When did it become like that? When did worth depend on your ability to spend money? Of course I may be an old drunk, I may be homeless but at least I never put shit up my nose and then thought about frequenting somewhere on the basis of my wallet’s superiority.

There is nothing wrong with deserved wealth you know, I am not saying that and I look upon my hat on the floor as a symptom of my own destruction, my own self-imposed destruction, but surely that cannot be right can it? I read once a book by a man who looked like a monkey, big beard, bald head, looked kind of serious and clever who said something about the species and fight for survival. I disremember exactly but if the upshot is that the fittest survive, who then sets the bar for the next ones in line for the chop? I think I shall be glad to have joined my friends by then.

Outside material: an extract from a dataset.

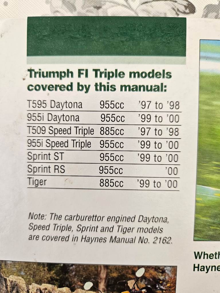 Posting for 11+ yearsTriumph Daytona Speed Triple Sprint & Tiger Haynes manual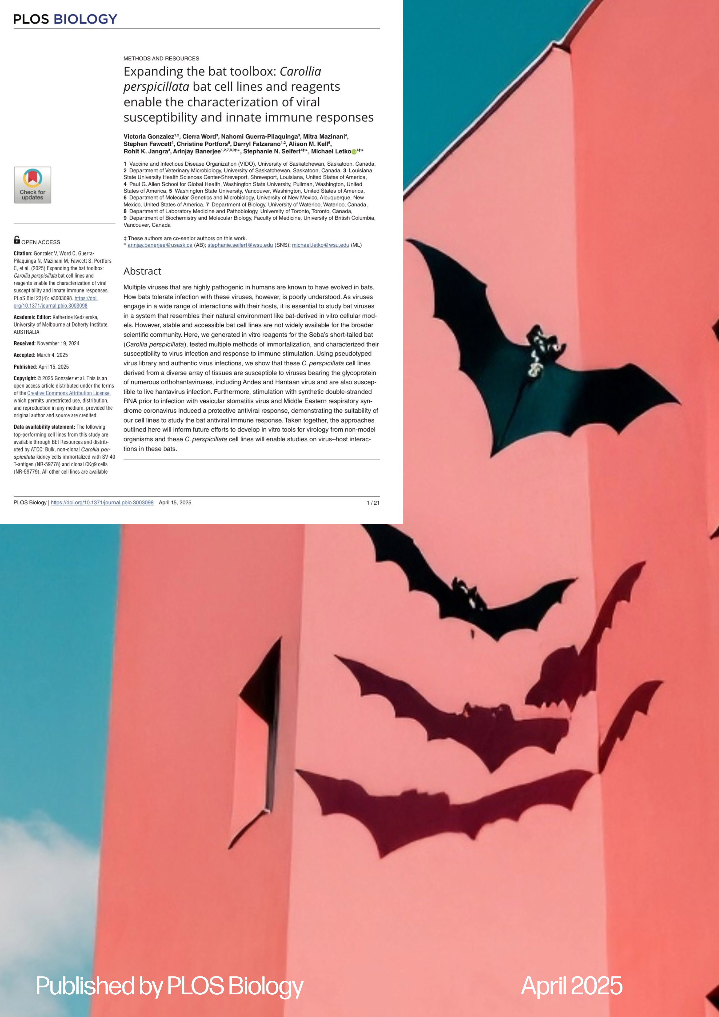Victoria Gonzalez*, Cierra Word, Nahomi Guerra-Pilaquinga, Mitra Mazinani, Stephen Fawcett, Christine Portfors, Darryl Falzarano, Alison M. Kell, Rohit K. Jangra, Arinjay Banerjee^, Stephanie N. Seifert^, Michael Letko^ (*trainee, ^co-corresponding and co-senior authors) (2025). Expanding the bat toolbox: Carollia perspicillata bat cell lines and reagents enable the characterization of viral susceptibility and innate immune responses. PLOS Biology

Being homeless wasn’t the worst, being alone was the hardest punishment to bear. Even when somebody nice stops, spares you a minute of their precious time and asks if you are O.K. that is more a blessing. The time between the tick and the tock waits for no one, spend a minute with the perceived lowest and it’s a minute in which you spend away from your job, your chance to suckle on the bloated beast. The runt of the litters deserving to be eaten little by little by the powerful pig. Squeal for me little pig, squeal and run if you can because the big pig will turn on you next as I won’t be there to help you.

You done now love? You going to leave me with a bit of luck and I shall think kindly of you. A fiver and chips? How long you had them there. You’re a good one. Thank you. Hey don’t forget your recording thingy, hey, hey!